Tapi mungkin keberatan yang paling relevan berasal dari ahli matematika Ada Lovelace, yang kapan berkomentar Pada komputasi perintis mesin analitik Charles Babbage, menyarankan bahwa mesin tidak dapat “berasal dari apa pun” dan hanya dapat melakukan apa pun yang kami pesan untuk melakukan. Retort Turing dalam makalahnya adalah bertanya apakah manusia memang dapat melakukan sesuatu yang benar -benar baru di dunia deterministik yang terikat oleh hukum alam dan batas -batas alam semesta. Turing juga mencatat bahwa komputer dapat dibatasi tetapi masih dapat berpotensi melakukan hal -hal yang tidak terduga – dengan cara yang sama seperti manusia meskipun dapat dibatasi oleh makeup dan biologi genetik kita.
Di luar ini adalah fakta bahwa tes Turing tidak, menurut, menunjukkan kesadaran atau kecerdasan; Sebaliknya ia bekerja untuk mengkritik apa yang dipahami sebagai pemikiran dan apa yang bisa membentuk mesin berpikir. Tes ini juga bergantung pada penilaian interogator, perbandingan dengan manusia dan penilaian perilaku saja.

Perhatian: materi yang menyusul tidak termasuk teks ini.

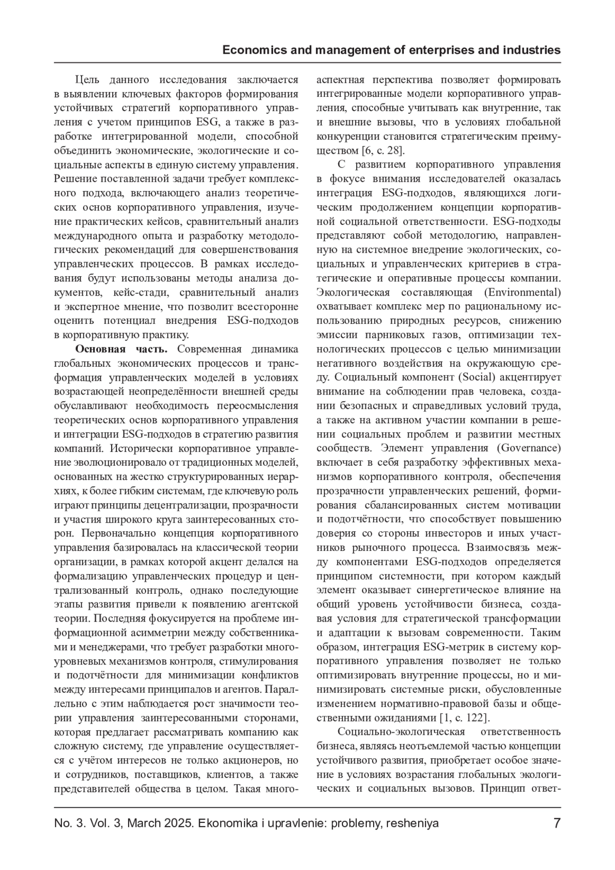Статья посвящена исследованию формирования устойчивых стратегий корпоративного управления в контексте интеграции ESG-подходов (экологические, социальные и управленческие факторы) и социально-экологической ответственности бизнеса. Рассмотрены основные теоретические основы корпоративного управления и роль ESG в современных стратегиях организаций. Описаны механизмы внедрения ESG-стандартов, включая внутренние и внешние факторы, а также предложены подходы к оценке эффективности таких стратегий через использование специализированных метрик и индикаторов. В статье анализируются лучшие мировые практики и кейс-стади, что позволяет сформировать рекомендации для российских компаний по адаптации и внедрению ESG-подходов в рамках устойчивого корпоративного управления. Особое внимание уделяется важности учета социально-экологических факторов для повышения прозрачности, улучшения имиджа и привлечения инвестиций.
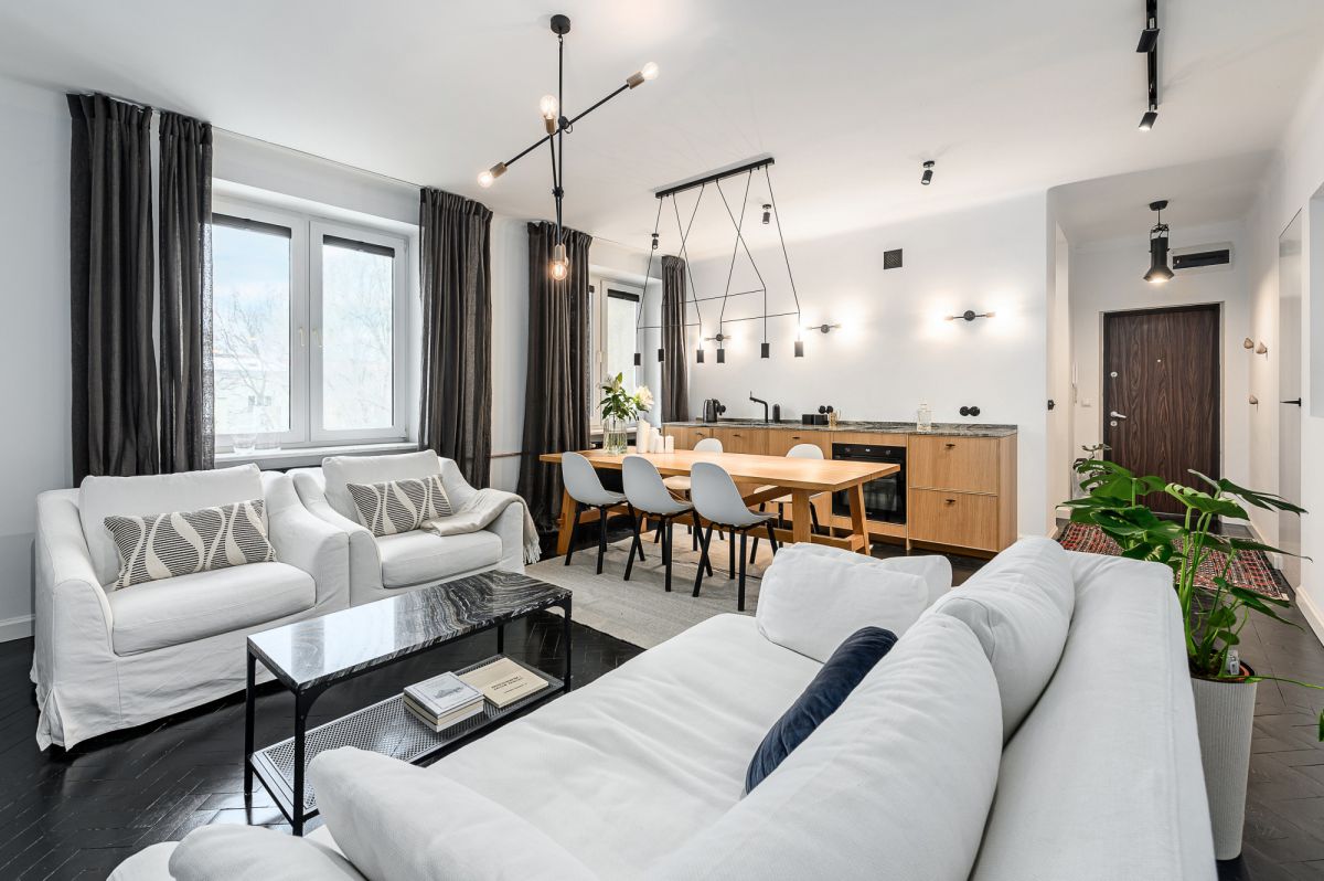 Mieszkanie po generalnym remoncie, wykończone w spójnym, nowoczesnym stylu z wyrazistym charakterem. Na podłogach dębowy parkiet pomalowany na czarno, który nadaje wnętrzu elegancji.
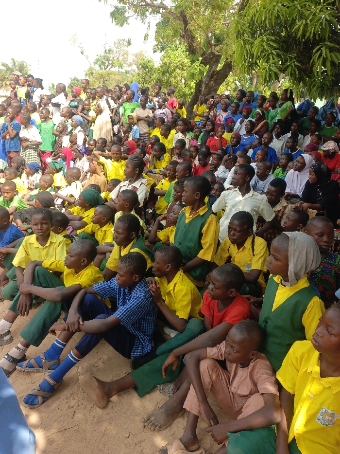 A large gathering of over one hundred individuals, predominantly school-aged children and young adults, is depicted outdoors in Akwanga, Nigeria
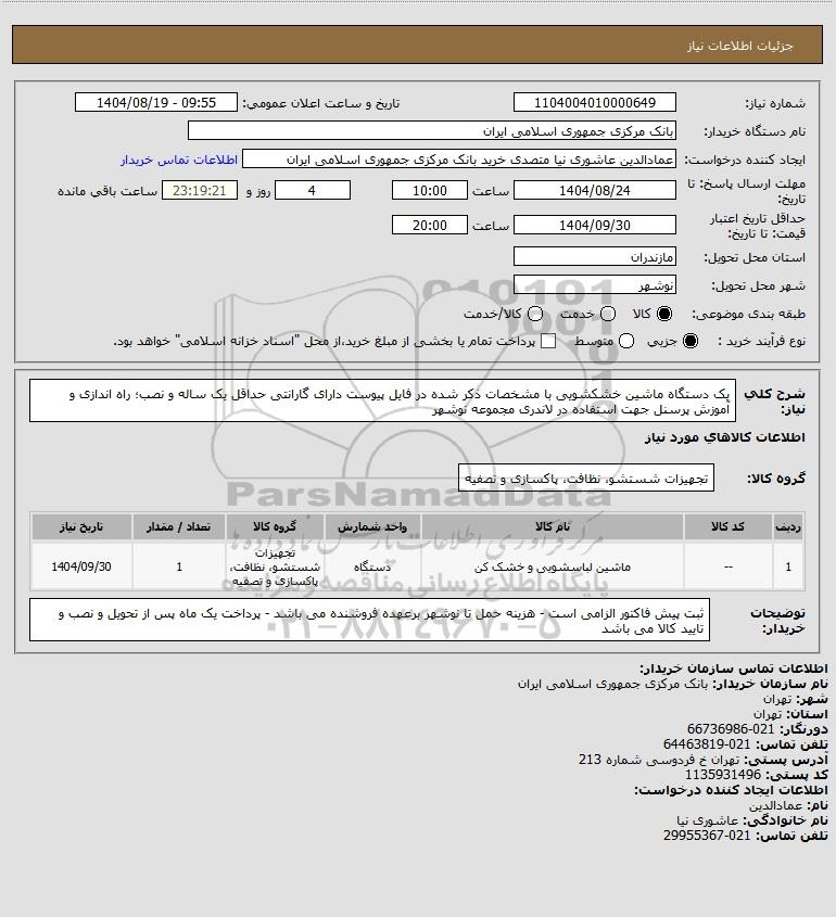 تلفن:5- 88349670 (021) فکس: 88349673 (021) Website: www.ParsNamadData.com E-mail: Info@ParsNamadData.com استعلام یک دستگاه ماشین خشکشویی با مشخصات ذکر شده در فایل پیوست دارای گارانتی حداقل یک ساله و نصب؛ راه اندازی و آموزش پرسنل جهت استفاده در لاندری مجموعه نوشهر
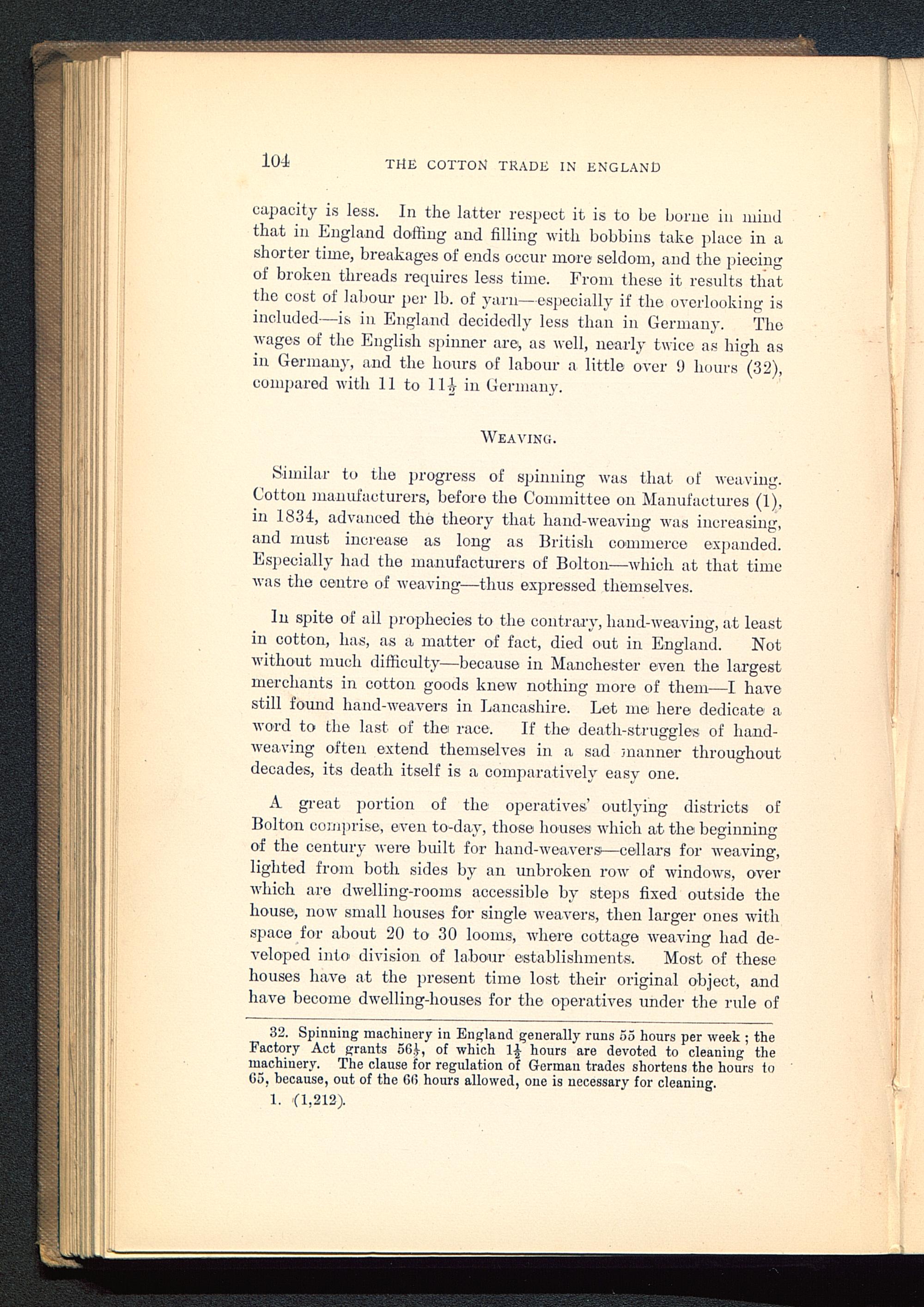 Similar to the progress of spinning was that of weaving.Cotton manufacturers, before the Committee on Manufactures (1),in 1834, advanced the theory that hand-weaving was increasing,and must increase as long as British commerce expanded.Especially had the manufacturers of Bolton—which at that timewas the centre of weaving—thus expressed themselves.
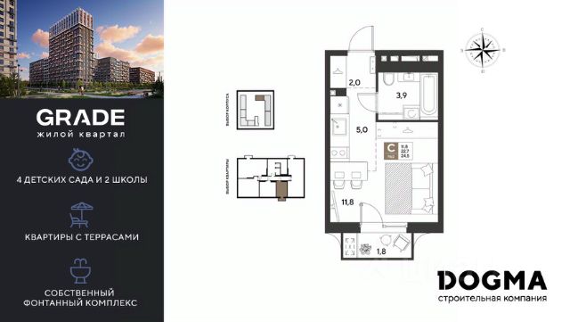В продаже квартира-студия от застройщика! ЖК GRADE г. Краснодар, Литер 15 Срок сдачи: 4 кв. 2028, общей площадью 21.1 кв.м., на 3 этаже. GRADE от DOGMA: квартал бизнес-класса. Никогда неоклассика не была представлена в краснодарской архитектуре с таким характером. Пока не появился GRADE, неоклассический квартал, объединяющий строгие формы и величие с прогрессивными технологиями и лаконичностью современного дизайна. Жить в GRADE — значит чувствовать статус, наслаждаться свободой и управлять своим временем. Квартал с переменной этажностью 9, 16 и 18 этажей предлагает полную инфраструктуру для жизни: 4 детских сада, 2 школы, поликлиника и ФОК расположены в шаговой доступности. Ваши привилегии в GRADE: Архитектура в стиле неоклассицизм. Гранд-лобби с панорамными окнами, мягкой мебелью и выдержанной палитрой. Закрытый клуб с консьерж-сервисом: Детский клуб; Кинотеатр на 20 мест; Фитнес-рум. Благоустройство: Парк с фонтаном и амфитеатром, эко-площадки, зоны отдыха, спортивные площадки. Коммерция на первых этажах с площадками для бизнеса. Технологии "Умный дом": Управление через смартфон; Бесключевой доступ по BLE-технологии; Круглосуточное видеонаблюдение; Бесшовный Wi-Fi по всей территории; Интеллектуальные счетчики. Многоуровневый подземный паркинг с видеонаблюдением, прямым доступом на скоростном лифте и электрозарядками. Дополнительные удобства: Колясочные, велобоксы, кладовые помещения, скоростные лифты. Приобрести квартиру можно одним из способов: Семейная ипотека. Рассрочка. Оплата наличными. Дистанционная покупка. Позвоните сейчас и узнайте больше о возможностях приобретения квартиры бизнес-класса в ЖК GRADE! Квартира-студия в Краснодаре.

Lalu ada argumen bahwa tes Turing dirancang di sekitar bagaimana suatu subjek bertindak, yang berarti mesin hanya dapat mensimulasikan kesadaran atau pemikiran manusia daripada secara aktif memiliki kesetaraannya sendiri. Ini dapat menyebabkan Turing Trap – Di mana sistem AI secara berlebihan fokus pada meniru manusia daripada dirancang untuk memiliki fungsi yang memungkinkan manusia melakukan lebih banyak atau meningkatkan kognisi mereka di luar kemungkinan pikiran manusia.
Apakah tes Turing masih relevan?
Sementara tes Turing mungkin diadakan sebagai tolok ukur untuk sistem AI untuk melampaui, Eleanor Watsonseorang ahli etika AI dan anggota Institute of Electrical and Electronics Engineers (IEEE), mengatakan kepada Live Science bahwa “Tes Turing menjadi semakin usang sebagai tolok ukur yang bermakna untuk kemampuan kecerdasan buatan (AI).”
Watson menjelaskan bahwa LLMS berevolusi dari sekadar meniru manusia menjadi sistem agen yang mampu secara mandiri mengejar tujuan melalui pemrograman “perancah” – mirip dengan bagaimana otak manusia membangun fungsi baru ketika informasi mengalir melalui lapisan neuron.
“Sistem ini dapat terlibat dalam penalaran yang kompleks, menghasilkan pembuatan konten dan membantu dalam penemuan ilmiah. Namun, tantangan sebenarnya bukanlah apakah AI dapat membodohi manusia dalam percakapan, tetapi apakah itu dapat mengembangkan akal sehat, penalaran dan penyelarasan tujuan yang asli yang cocok dengan nilai -nilai dan niat manusia,” kata Watson. “Tanpa penyelarasan yang lebih dalam ini, lulus tes Turing menjadi hanya bentuk mimikri yang canggih daripada kecerdasan sejati.”
Pada dasarnya, tes Turing mungkin menilai hal -hal yang salah untuk sistem AI modern.
Dengan demikian, para ilmuwan “perlu mengembangkan kerangka kerja baru untuk mengevaluasi AI yang melampaui imitasi manusia sederhana untuk menilai kemampuan, keterbatasan, risiko potensial, dan yang paling penting, Penyelarasan dengan nilai dan tujuan manusia“Kata Watson.
Berbeda dengan tes Turing, kerangka kerja ini perlu menjelaskan kekuatan sistem AI dan perbedaan mendasar mereka dari kecerdasan manusia, dengan tujuan memastikan AI “meningkatkan, daripada mengurangi, agensi manusia dan kesejahteraan,” tambah Watson.
“Ukuran AI yang sebenarnya tidak akan seberapa baik itu dapat bertindak manusia,” Watson menyimpulkan, “tetapi seberapa baik itu dapat melengkapi dan menambah kemanusiaan, mengangkat kita ke tingkat yang lebih tinggi.”